Looking back at his entry into Malayalam cinema, Sharaf says that he owes it all to his friends who also have made a place for themselves. Be it Alphonse Puthren, who gave him a small role in Neram and later a big break in Premam or mostof the actors in Premam who have been his friends from his hometown, Aluva. “Art and artists have always been my favourite space. But I don’t come from a place where I could say aloud that I wanted to become an actor. The dream was there and I knew I would be able to fulfill it someday. Thankfully, I could live that dream because of my friends,” he explains.
Sharaf, a self-confessed fan of Kamal Haasan, is elated that his friends too have played heroes in their new releases — Krishna Sankar in Kochaal and Siju Wilson in Pathonpathaam Noottandu.
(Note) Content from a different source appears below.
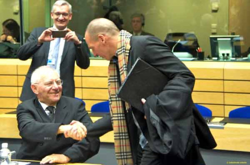 Para Varoufakis, o “Grexit” tornou-se “ora o desfecho preferido ou a arma escolhida contra o nosso governo” pela larga maioria do Eurogrupo, “sob a tutela de Schäuble”. “Pela minha experiência nos cinco meses de negociação, a minha convicção é que o ministro das Finanças alemão quer ver a Grécia ser expulsa da moeda única para atemorizar os franceses e fazê-los aceitar o seu modelo de uma zona euro disciplinadora”, concluindo que a dívida insustentável da Grécia serve o interesse do ministro alemão.

He will next be seen as the lead in Senna Hegde’s 1744 White Alto. Expectations are high since Senna’s previous work Thinkalazhcha Nischayam had wowed audiences. “I can’t reveal much about the role. But I can promise you that it will be a unique movie-watching experience,” Sharaf adds.
Among his other releases are Rorschach with Mammootty, Ntikkakkakkoru Premondarnn in which Bhavana is making her comeback, Shafi’s untitled movie with Indrans and Anagha Narayanan and the bilingual Adrishyam.